Coincidieron sus años de adolescencia con la Movida madrileña, el renacimiento de Julio Robles, la irrupción de Ortega Cano y de Niño de la Capea y con la consolidación de un mechón blanco con olor a tabaco rubio que aún late fuerte en el sístole y el diástole de nuestra Plaza de Madrid, su patio de recreo. Antoñete fue un jirón pulcro y puro en los ropajes de una Fiesta de dos caras, en donde las figuras imponían su toro de pitiminí y billete grande y en donde los modestos venían arrollando bajo el grito comanche de Manili. De todo ello bebió nuestro protagonista, el cual se vistió por primera vez de luces matando una de Martínez Elizondo, en julio del 91, en la localidad francesa Mont de Marsan.
También, nuestro protagonista tomó el testigo de aquel madrileñismo de los hermanos Ángel y Pepe Teruel, maestros del toreo cheli con aroma a clavel fresco y gorrilla calada, que hace escasos años dejaron huérfanos al toreo y a su barrio de Embajadores. Allí, donde de pequeños, armaban la tremolina frente a los carretones de madera, provocando un trueno de olés en los vecinos.

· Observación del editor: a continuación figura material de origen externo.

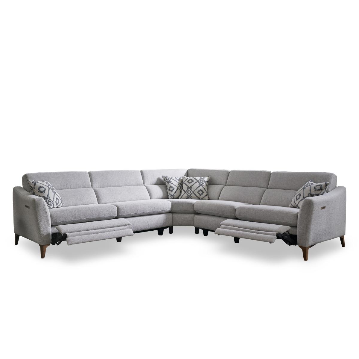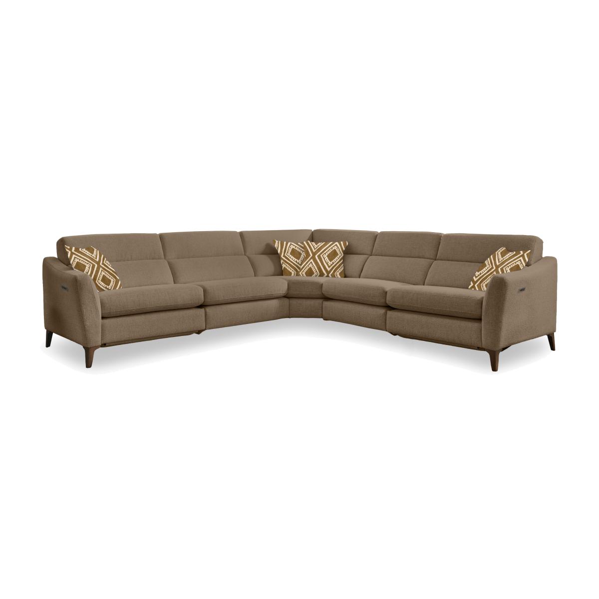 It’ll come as no surprise that a range named Moderna celebrates everything we love about modern sofas. With chic lines, elegant proportions and a touch of on-trend retro style, this range looks the part. And with sprung seats and backs for all-over support, fabulously comfy cushioning and feather scatters, your comfort is covered. The range also offers optional power elevating footrests and power telescopic headrests. And we think you’ll find Moderna’s extra touches very welcome, too. For longer-lasting comfort and style, all seat cushions are reversible – even on the power reclining sofas – and a wide choice of modular pieces makes it easy to design and redesign your perfect sofa. Handcrafted in the UK for Furniture Village. Chic, elegant and wonderfully comfortable with made-to-last reversible seat cushions, our Moderna large recliner corner sofa comes with power elevating footrests and power telescopic headrests. Why you'll love it Elegant modern style with a touch of retro chic – and plenty of power relaxation. Comes with power elevating footrests and power telescopic headrests. Sprung seats and back for all-over support plus super-comfy cushioning. Handy USB and USB-C device charging ports. Built for long-lasting comfort with reversible seat cushions. In a fantastic selection of fashionable upholstery fabrics. Includes 4 feather accent cushions in a contrasting patterned fabric. Tapered legs in a choice of finishes. Designed to last. This corner sofa comes with a 25-year frame guarantee. Moderna is modular. Handmade in the UK for Furniture Village. This large power recliner corner sofa is part of our Moderna range. What you need to know Medium comfort level. Seat suspension: 9-gauge serpentine springs. Seat cushioning: foam core with carded fibre wrap. Cushioning is reversible. Back support: elastic webbing. Back cushioning: fibre. Cushioning is not reversible. Feet are removable. Please allow time for new recliners to ease. Minor gaps are necessary to ensure ease of recliner motion and may be exaggerated depending on floor type. To maintain cushion shape and fullness, be sure to plump daily. Rotate seat cushions for more even wear. Some fabrics can show wear on areas of more use or in direct sunlight. Clean regularly using a soft brush or vacuum with the curtain attachment. Deal with any spills promptly. Professional cleaning advised for oil- and grease-based stains. Please read our upholstery care guide for more advice. Item code: MODACLPHFAB-029

Tras tres años frente a los erales, dio el salto a matar utreros y se vio anunciado por primera vez junto con su compañero Luis Miguel Encabo en Las Ventas en el San Isidro del 94, gracias a la recomendación de Pablo Lozano. Con setenta novilladas sin picadores y previo paso por Murcia para debutar junto con los del castoreño, se presentó dejando una grata impresión en la parroquia venteña, cosechando una vuelta al ruedo de las de antes. Al año siguiente, vuelve a Madrid en el pasaje final de San Isidro y corta las dos orejas de Lozanito, de Fernando Peña, demostrando un notable conocimiento de los terrenos frente a un novillo sin fijeza. En base a cites muy suaves desde el tercio, el astado se acabó entregando y la faena cogió altos vuelos, resultando herido al entrar a matar al burel por la suerte contraria, imposibilitando así su salida por la Puerta Grande de la calle Alcalá, pero cosechando así un éxito que le valió el doctorado al año siguiente en la capital del planeta de los Toros.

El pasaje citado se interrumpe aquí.